Keywords: data augmentation |  gibbs sampler |  mcmc |  Download Notebook

Contents

The idea is to construct iterative algorithms for sampling based on the introduction of unobserved data or hidden variables. Does the iterative part sound familiar? We did that in Gibbs sampling.

We’ll soon see s deterministic version of this idea when we talk about the Expectation Maximization Algorithm (Dempster, Laird, and Rubin (1977)). Here we’ll see a stochastic version from Tanner and Wong’s (1987) Data Augmentation algorithm for posterior sampling. This was also explored in the physics by Swendsen and Wang’s (1987) algorithm for sampling from Ising and Potts models. (Look it up, it relates to your homework!)

Indeed the general idea of introducing a hidden variable will also be exploited to introduce slice sampling and Hamiltonian Monte Carlo. Thus we shall see that the method is useful not only in “theory” to understand the decomposition of outcomes through hidden factors, but also in a practical way to construct sampling algorithms

The difference from Gibbs Sampling here is that we are thinking of a 1 (or lower) dimensional distribution or posterior we want to sample from, say $x$, and the other variable, say $y$, is to be treated as latent.

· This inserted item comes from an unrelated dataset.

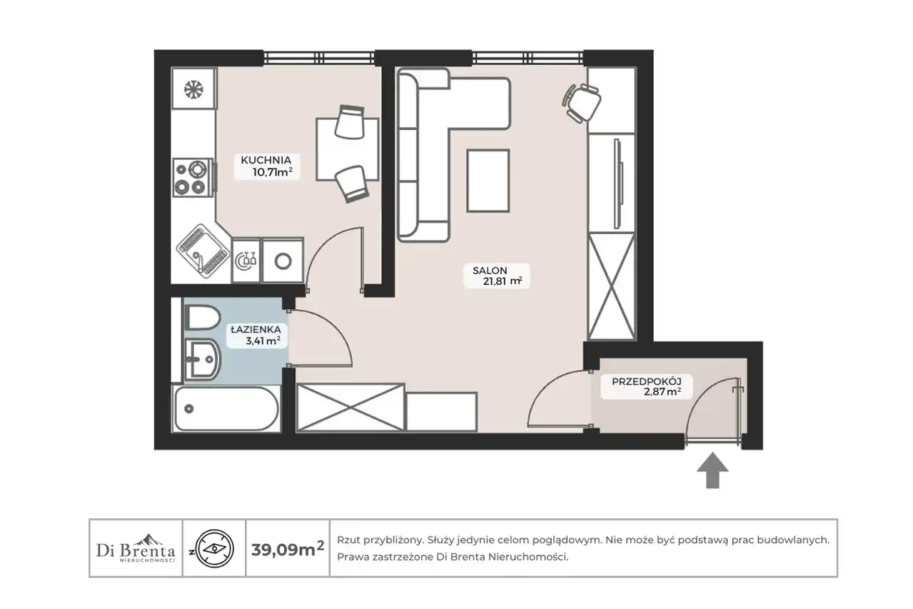 - Charakterystyka mieszkania 39.09 m2, 1 pokój

The game is, like in Gibbs, to construct a joint $p(x,y)$ such that we can sample from $p(x \vert y)$ and $p(y \vert x)$, and then find the marginal

\[p(x) = \int dy\,p(x,y).\]

The simplest form of a Data aumentation algorithm looks like this:

  1. Draw $Y\sim p_{Y \vert X}(. \vert x)$ and call the observed value y
  2. Draw $X_{n+1} \sim p_{X \vert Y}(. \vert y)$

Here is an example

%matplotlib inline
import numpy as np
import scipy as sp
import matplotlib.pyplot as plt
import pandas as pd
pd.set_option('display.width', 500)
pd.set_option('display.max_columns', 100)
import seaborn as sns

Example

Suppose that $p_X$ is the standard normal density, i.e.,

\(p(x) = e^{-x^2/2}/\sqrt{2\pi}\).

We’ll pretend we dont know how to sample from it.

Take

\[p(x, y) = 1/(\sqrt{2\pi}) \exp{\left\{-(x^2 - \sqrt{2} xy + y^2) \right\} }\]

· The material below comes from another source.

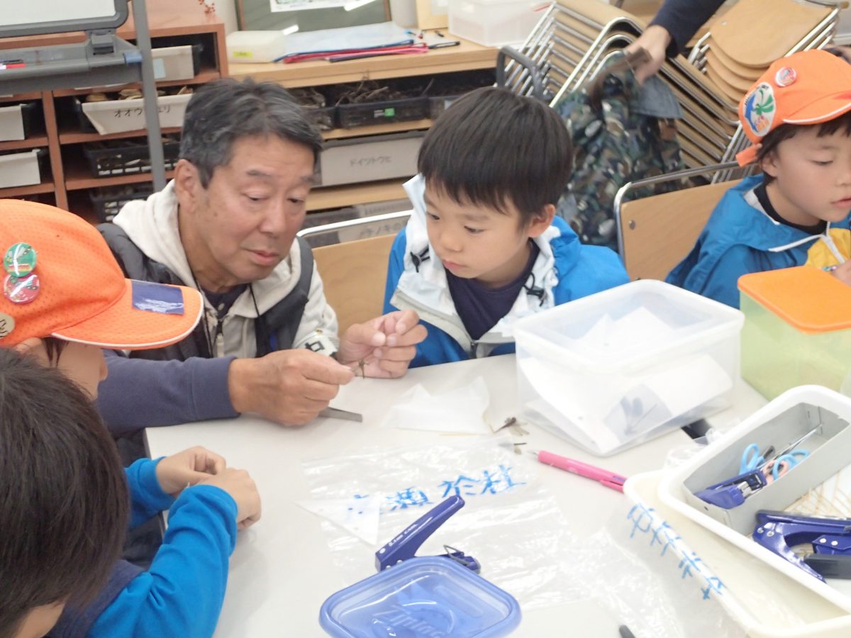 午後は3班に分かれて活動しました。第1班は,午前中にトンボを採集した団員の班で,標本づくりです。横山さん指導のもと,展翅標本にチャレンジした子もいました。標本作製チームは少人数だったこともあり,とってもきれいな標本ができたようです。年度末の活動報告展が楽しみですね。第2班は来週開催される「にしおかピクニック」で使う景品作りです。今年は折り紙でトンボをつくりました。低学年団員は高学年のお姉さん団員に教えてもらいながら,みんなで心のこもった景品を作っていました。

which is a bivariate normal density with means equal to zero, variances equal to one, and correlation equal to $1/\sqrt{2}$. The two conditionals are normal, as we can see by completing the square and neglecting the part of the function that only depends on the variable not being conditioned upon ($e^{-y^2 }$ and $e^{-x^2 }$ respectively for the conditionals below).

\[Y \vert X = x \, \, \sim N(x/\sqrt{2}, 1/2) \,\,\, \rm{and} \,\,\, X \vert Y= y \,\,\sim N(y/\sqrt{2}, 1/2)\]

The x-marginal is

\[\propto e^{-x^{2}/2} \int e^{-(y-x/\sqrt{2})^2 }dy\]

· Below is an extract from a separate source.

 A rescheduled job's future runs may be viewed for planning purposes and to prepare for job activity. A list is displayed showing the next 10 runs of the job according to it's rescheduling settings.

and clearly thus gets back the old normal we want to draw from.

N=100000
x=np.zeros(N)
x[0] = np.random.rand() # INITIALIZE
for i in np.arange(1,N):
    Y=sp.stats.norm.rvs(x[i-1]/np.sqrt(2), 0.5)
    x[i]=sp.stats.norm.rvs(Y/np.sqrt(2), 0.5)
plt.hist(x, bins=30, alpha=0.3, normed=True);
sns.kdeplot(x)
plt.xlabel('x')
//anaconda/envs/py35/lib/python3.5/site-packages/statsmodels/nonparametric/kdetools.py:20: VisibleDeprecationWarning: using a non-integer number instead of an integer will result in an error in the future
  y = X[:m/2+1] + np.r_[0,X[m/2+1:],0]*1j





<matplotlib.text.Text at 0x117970d68>

png

Data Augmentation is a Markov Chain Monte Carlo

Lets start from the “transition kernel” that we identified when we learnt about gibbs sampling

\[h(x', x) = h(x' \vert x) = \int_Y p(x' \vert y) \, p(y \vert x)\, dy\]

where we have:

\[p(x') = \int h(x' \vert x ) p(x)\,dx,\]

the stationarity condition.

Since we are dealing with probability densities, $h$ is always positive.

Also note

\[\begin{eqnarray} \int h(x' \vert x) dx' = \int_{X} \int_Y p(x' \vert y) \, p(y \vert x) \, dy \, dx' = \int_Y p(y \vert x) \left[ \int_X p(x' \vert y) dx' \right] dy = \int_Y p(y \vert x) dy = 1 \end{eqnarray}\]

Therefore for each fixed $x$, $h(x’ \vert x)$ is non-negative and integrates to 1. The function $h$ therefore could be a Markov Chain transition density and if the current state is $x_n$ then the density of the next state would be $h(. \vert x_n)$.

Also note that the $h(x’ \vert x)\, p(x)$ is symmetric in $(x,x’)$.

\[h(x' \vert x)\, p(x) = p(x) \int_Y p(x' \vert y) \, p(y \vert x) \, dy = \int_Y \frac{p(x',y)\, p(x,y) }{p(y)} \, dy.\]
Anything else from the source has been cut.